The entries below contain pictures. Write out only the lines from the line with "1)打開中華瀏覽器進(jìn" up to and including the line with "Deretan lukisan karya", exactly, without them.

Provided data: Begin

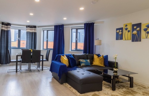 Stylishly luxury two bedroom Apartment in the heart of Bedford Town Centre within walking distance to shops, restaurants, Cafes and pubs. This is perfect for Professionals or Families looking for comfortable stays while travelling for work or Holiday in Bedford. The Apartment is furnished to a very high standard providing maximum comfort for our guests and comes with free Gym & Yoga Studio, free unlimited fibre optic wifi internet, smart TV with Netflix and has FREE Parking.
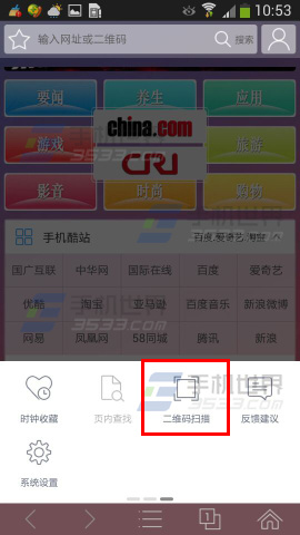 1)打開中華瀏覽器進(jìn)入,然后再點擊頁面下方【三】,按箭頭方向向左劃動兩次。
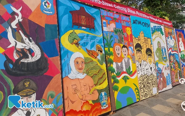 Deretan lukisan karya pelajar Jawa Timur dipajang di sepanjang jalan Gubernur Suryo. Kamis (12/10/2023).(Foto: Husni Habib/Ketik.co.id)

Provided data: End
Provided data: Begin

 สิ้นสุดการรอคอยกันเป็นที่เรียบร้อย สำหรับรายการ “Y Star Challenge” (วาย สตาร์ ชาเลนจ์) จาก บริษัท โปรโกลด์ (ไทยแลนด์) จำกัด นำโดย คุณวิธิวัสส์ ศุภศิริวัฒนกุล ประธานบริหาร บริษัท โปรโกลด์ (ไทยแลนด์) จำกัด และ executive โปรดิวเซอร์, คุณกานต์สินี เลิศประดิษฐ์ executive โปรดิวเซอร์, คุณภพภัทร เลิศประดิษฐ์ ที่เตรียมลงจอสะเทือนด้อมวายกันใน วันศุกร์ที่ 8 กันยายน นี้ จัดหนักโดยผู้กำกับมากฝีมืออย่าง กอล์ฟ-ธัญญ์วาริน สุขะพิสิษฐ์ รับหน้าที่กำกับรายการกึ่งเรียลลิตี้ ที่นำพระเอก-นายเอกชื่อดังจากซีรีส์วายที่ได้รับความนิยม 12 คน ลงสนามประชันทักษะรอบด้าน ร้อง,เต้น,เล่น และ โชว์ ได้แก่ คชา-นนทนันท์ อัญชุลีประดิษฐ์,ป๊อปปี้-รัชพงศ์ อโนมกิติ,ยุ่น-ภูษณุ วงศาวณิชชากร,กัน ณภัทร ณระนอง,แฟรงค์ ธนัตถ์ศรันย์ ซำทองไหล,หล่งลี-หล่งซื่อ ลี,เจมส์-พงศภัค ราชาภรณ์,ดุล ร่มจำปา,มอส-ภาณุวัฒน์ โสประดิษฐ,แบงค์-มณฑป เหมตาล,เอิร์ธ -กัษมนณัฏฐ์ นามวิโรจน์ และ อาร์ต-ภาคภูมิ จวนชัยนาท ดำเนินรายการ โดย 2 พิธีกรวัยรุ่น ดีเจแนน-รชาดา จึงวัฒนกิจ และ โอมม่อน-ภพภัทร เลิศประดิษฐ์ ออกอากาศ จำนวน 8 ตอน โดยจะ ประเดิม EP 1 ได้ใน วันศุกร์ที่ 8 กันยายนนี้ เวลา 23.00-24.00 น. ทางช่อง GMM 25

Provided data: End

*Problem solution*:
 1)打開中華瀏覽器進(jìn)入,然后再點擊頁面下方【三】,按箭頭方向向左劃動兩次。
 Deretan lukisan karya pelajar Jawa Timur dipajang di sepanjang jalan Gubernur Suryo. Kamis (12/10/2023).(Foto: Husni Habib/Ketik.co.id)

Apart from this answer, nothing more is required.